Very interesting - thanks!

I have to say that the Ingenieur is not my favourite of the IWC stable by a long chalk (just a personal taste thing) but there is no doubt it is an excellent watch.

I saw one post somewhere where the very good point "why should an in-house movement necessarily be any better than a bought-in alternative?" was made.

If you take a movement from ETA that has proven reliability and accuracy in the standard form and then re-engineer it to be even better, that seems a very sensible way to proceed.

A bit like taking say a Ford V8 and then having Carroll Shelby re-building it with top notch performance parts: the original was fine - but the Shelby is WAY better!


----------



## Kiwi Mac

I found this interesting piece on Timezone (my bold):

"A few observations:

As far as I am concerned it's very sad that even with the huge slew of new movements that have been introduced during the 3135's past two decades of continuous use and refinement, *there still aren't too many challengers to the Rolex triple crown of accuracy, reliability and durability - i.e. its toughness - for example, its ability to withstand the abuse of everyday life that most active people, both men and women, would hurl at it, and still keep on ticking.
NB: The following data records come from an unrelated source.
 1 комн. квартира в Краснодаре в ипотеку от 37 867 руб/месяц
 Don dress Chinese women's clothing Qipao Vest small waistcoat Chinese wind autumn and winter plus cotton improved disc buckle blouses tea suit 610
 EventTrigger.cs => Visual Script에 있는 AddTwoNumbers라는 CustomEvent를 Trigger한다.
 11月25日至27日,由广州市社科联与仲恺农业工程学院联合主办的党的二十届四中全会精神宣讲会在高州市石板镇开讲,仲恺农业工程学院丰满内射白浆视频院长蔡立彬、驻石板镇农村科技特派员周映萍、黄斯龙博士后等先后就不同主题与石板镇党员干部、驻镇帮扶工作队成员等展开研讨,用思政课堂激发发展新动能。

And not just keep on ticking, but to continue doing so accurately too. The only ones that come to mind are the ETA 2892-2A, the ETA 7750 (including their numerous variations and incarnations) *and possibly Omega's new caliber 8500. But unlike the first two movements, the latter one, notwithstanding the fact that it is their 3rd generation of Dr. George Daniel's co-axial escapement, doesn't have the advantage of over 20 years worth of use, abuse and refinement, so it's still an open question as to its long term reliability. So in my opinion, that leaves only two serious contenders to Rolex's 3135 throne. Of course I would be remiss not to mention Rolex's own caliber 2235 for its ability to match the three men's movements. Which is an astounding achievement given the fact that this is a lady's movement and a lot smaller in diameter and volume than the aforementioned ones.
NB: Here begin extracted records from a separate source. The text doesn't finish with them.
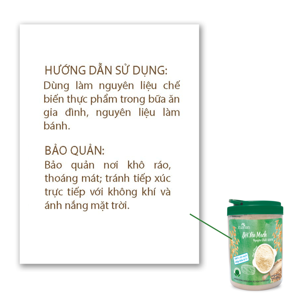 Thành phần : 100% Yến mạch nguyên cám nguyên chất. Không chất bảo quản, không hương liệu, không phụ gia.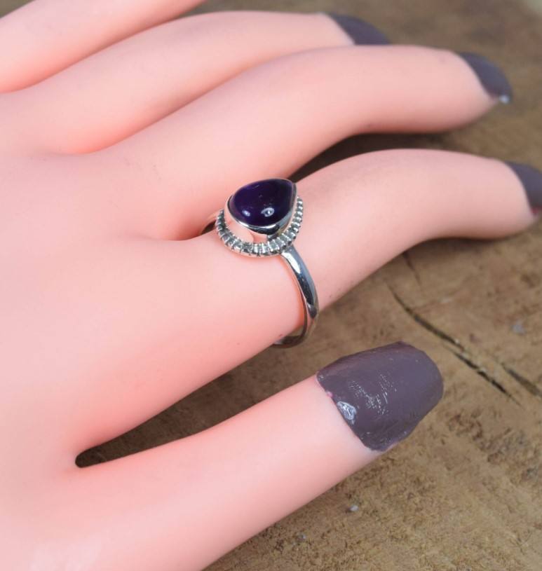 แหวนเงินแท้ 925 ประดับพลอยอเมทิสต์สีม่วงแท้คุณภาพสูงสุด รูปทรง Peace ขนาด 7x9 มม. ฝังแบบ Bezel Setting ทำด้วยมือ เหมาะสำหรับงานปาร์ตี้และงานแต่งงาน
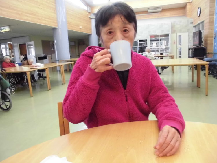散歩をして少し体が冷えてしまったので、食堂で温かいコーヒーを飲んでほっと一息つかれておりました。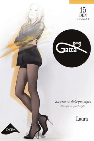 Wyrób pończoszniczy marki Gatta. Model Laura 15. Produkt został wykonany z 87% poliamid, 13% elastan. Z zaznaczonymi palcami. Grubość: 15 DEN. Produkt damski. Zaznaczona część majteczkowa.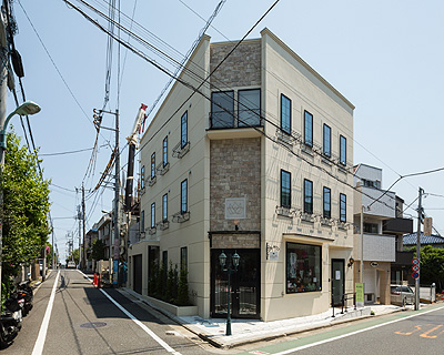 全体的に、ヨーロッパの大理石積みもしくはライムストーン積みを思わせるように、Rの外壁には溝を切ったデザインにし、木造とは思われない瀟洒な、しかし重厚さもある外観を醸し出しました。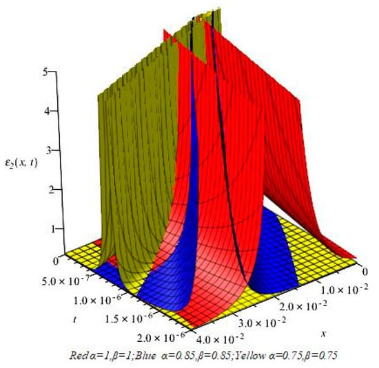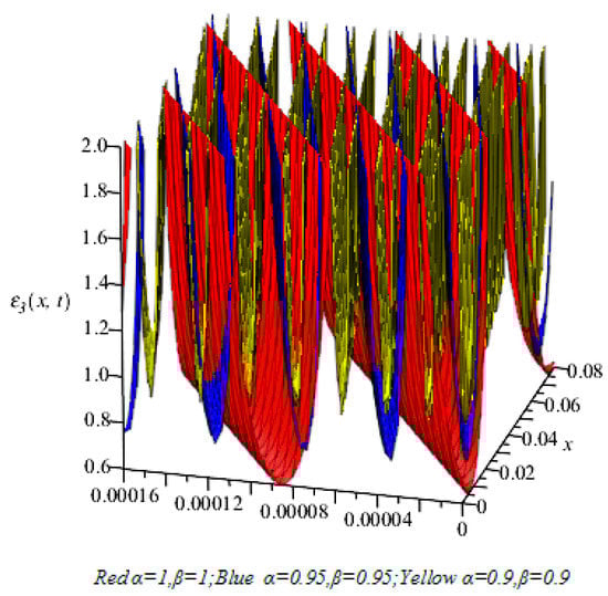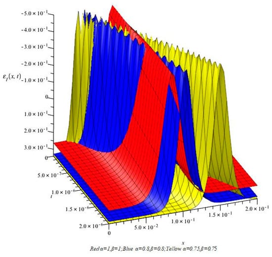 Taking , combined with the material parameters in Formula (26), the three-dimensional numerical simulation diagram of fractal dimension strain wave under different space-time fractal dimensions is drawn, as shown in Figure 5. It can be seen that it is a fractal dimension strain periodic wave. In Figure 5, the red represents the strain periodic wave when the space-time fractal dimension index , the blue represents the strain periodic wave when the space-time fractal dimension index and the yellow represents the strain periodic wave when the space-time fractal dimension index . It can be seen that with the decrease of the space-time fractal dimension, the period of the fractal dimension strain periodic wave becomes smaller, the minimum positive amplitude value increases, the waveform becomes steeper, and the wave width becomes smaller. This means that when the fractal dimension strain periodic wave propagates in the fractal thin rod, the smaller the fractal dimension, the greater the damage to the material and the higher the tensile strength of the material.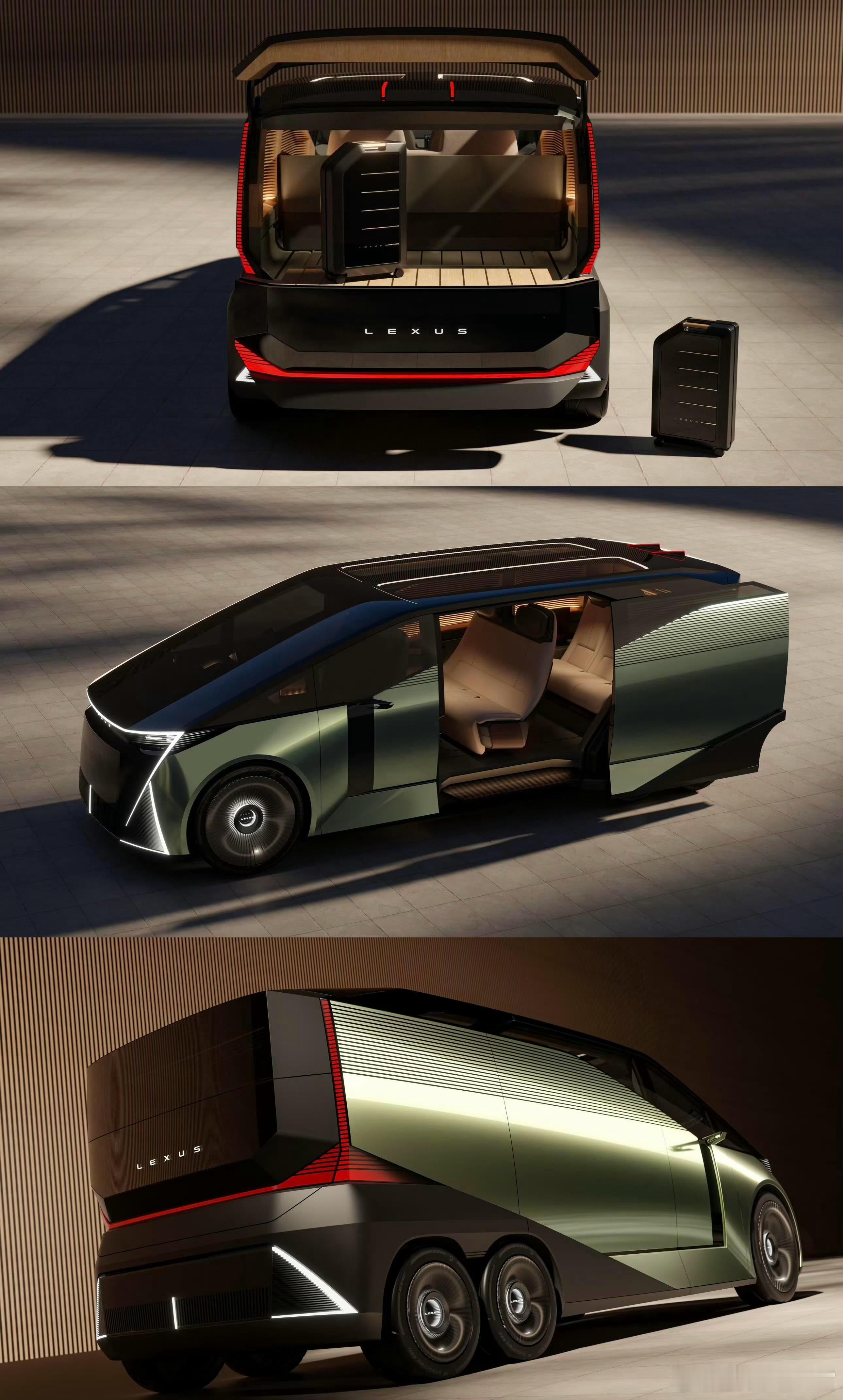 好家伙,雷克萨斯推出了款LS概念车,LS不再是轿车,反倒变成了MPV,据说未来可能会量产,总的六轮驱动,这造型属实是相当概念 + 夸张了,无论车头还是车尾的灯组都可以说是棱角分明,侧滑门,不过没想到车内用的是半幅方向盘,2 + 2 + 2六座布局,三排似乎挺有意思。讲真,这外观你们觉得咋样?[doge]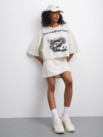 Introducing the Redbat cream waffle fleece oversized crop tee with cutlines. Made from comfy cotton, this relaxed-fit top is a wardrobe essential. Pair it with your favorite bottoms for a laid-back look. Easy to style and perfect for everyday wear.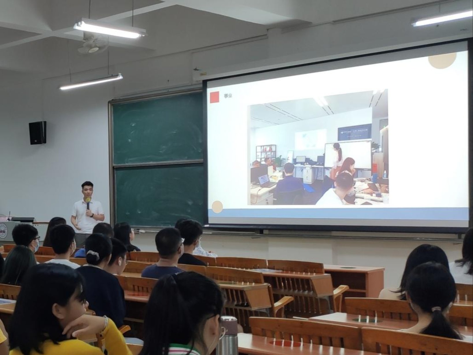 第二部分由陈宇聪师兄主讲,他结合自己毕业于瑞士酒店管理教育集团的亲身经历,向学生分享自己在国外的学习和生活,以及回国之后的工作情况。陈师兄给同学们的三点寄语:一、工作没有好坏之分,选择合适自己的工作才是最重要的;二、只要坚持做一件事,最后一定会收获;三、希望同学们在大学期间塑造胆大有魄力的人格。

Initially I was also going to include the Zenith Caliber 400 in this small selection above, but ultimately decided against it because although it's virtually on a par with the ETA 7750 in most respects, unfortunately unlike the latter, it is only available in various chronograph options.
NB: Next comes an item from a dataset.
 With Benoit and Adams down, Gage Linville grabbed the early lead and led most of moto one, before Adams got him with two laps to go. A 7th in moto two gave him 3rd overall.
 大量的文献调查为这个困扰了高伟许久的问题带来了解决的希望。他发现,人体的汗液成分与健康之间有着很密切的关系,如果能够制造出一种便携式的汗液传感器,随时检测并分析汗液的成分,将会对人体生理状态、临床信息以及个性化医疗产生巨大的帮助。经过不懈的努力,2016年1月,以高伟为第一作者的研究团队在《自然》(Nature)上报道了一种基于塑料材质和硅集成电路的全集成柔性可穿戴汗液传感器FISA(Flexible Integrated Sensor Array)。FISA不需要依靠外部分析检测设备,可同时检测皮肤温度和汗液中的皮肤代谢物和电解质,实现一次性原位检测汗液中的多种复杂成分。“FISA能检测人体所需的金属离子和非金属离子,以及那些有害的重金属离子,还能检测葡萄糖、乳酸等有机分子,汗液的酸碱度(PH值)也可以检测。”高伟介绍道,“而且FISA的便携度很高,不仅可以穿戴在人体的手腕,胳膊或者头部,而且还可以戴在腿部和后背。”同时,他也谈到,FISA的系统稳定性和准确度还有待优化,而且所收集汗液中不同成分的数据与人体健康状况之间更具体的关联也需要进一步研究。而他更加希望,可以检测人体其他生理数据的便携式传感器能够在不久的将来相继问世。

I'll be the first to admit that none of these movements will win any prizes for their aesthetics, or their level of decoration. Plus there are other movements that I have mentioned before that can match these three in terms of accuracy, but I haven't included them here because they are too fragile to be classified as tough movements, or haven't been around long enough to prove their long term reliability. A perfect example is the JLC 889. An excellent, accurate and reliable movement when serviced by competent watchmakers, but not known for its ability to withstand abuse Then of course we have a few Seiko and Citizen movements that have an outstanding reputation for their toughness and reliability, but most of them fall short in the accuracy department, and one is fortunate if they are accurate to better than +- 15s per day. As a note of interest that standard was more than acceptable for certified COSC chronometers in the 1960s, but most people today expect better, having been spoilt by the standards of their thermo-compensated, atomic clock adjusted quartz watches. And so the COSC have raised their standards accordingly.

And the winner is&#8230;

*Of these three movements which one do I like the best? If accuracy is your only criteria, then it doesn't matter which one you choose as there really is virtually no difference between them in that regard. Sure some individual movements might time out marginally better than others, but overall the differences in time keeping between them is insignificant. All three are capable of exemplary accuracy in all six positions, and do so with a minimum of variation and loss to the balance amplitude. More importantly, they should provide excellent accuracy and reliability under real world conditions too.*

As for me, please keep in mind that no movement is perfect and that they all have their strengths and weaknesses. *Having said that though there is absolutely no question in my mind, that I prefer the ETA 2892-2A over the other two.* Okay, so it's been around almost half a century and in many ways isn't as sophisticated as the Rolex - no Breguet hairspring, or Parachrom hairspring material etc - but during its long lifetime in its best available chronometer version, it has proven itself to be an exceptionally accurate, reliable and tough movement. Its two main advantages over the 3135 are that it's quite a bit thinner, only 3.6mm thick versus 6mm, and has only one major weakness - the inefficiency of its automatic winding system, as I mentioned in my earlier review of it. While good enough for most reasonably active folk, it is not efficient enough for those people, young or old, who lead a sedentary lifestyle. "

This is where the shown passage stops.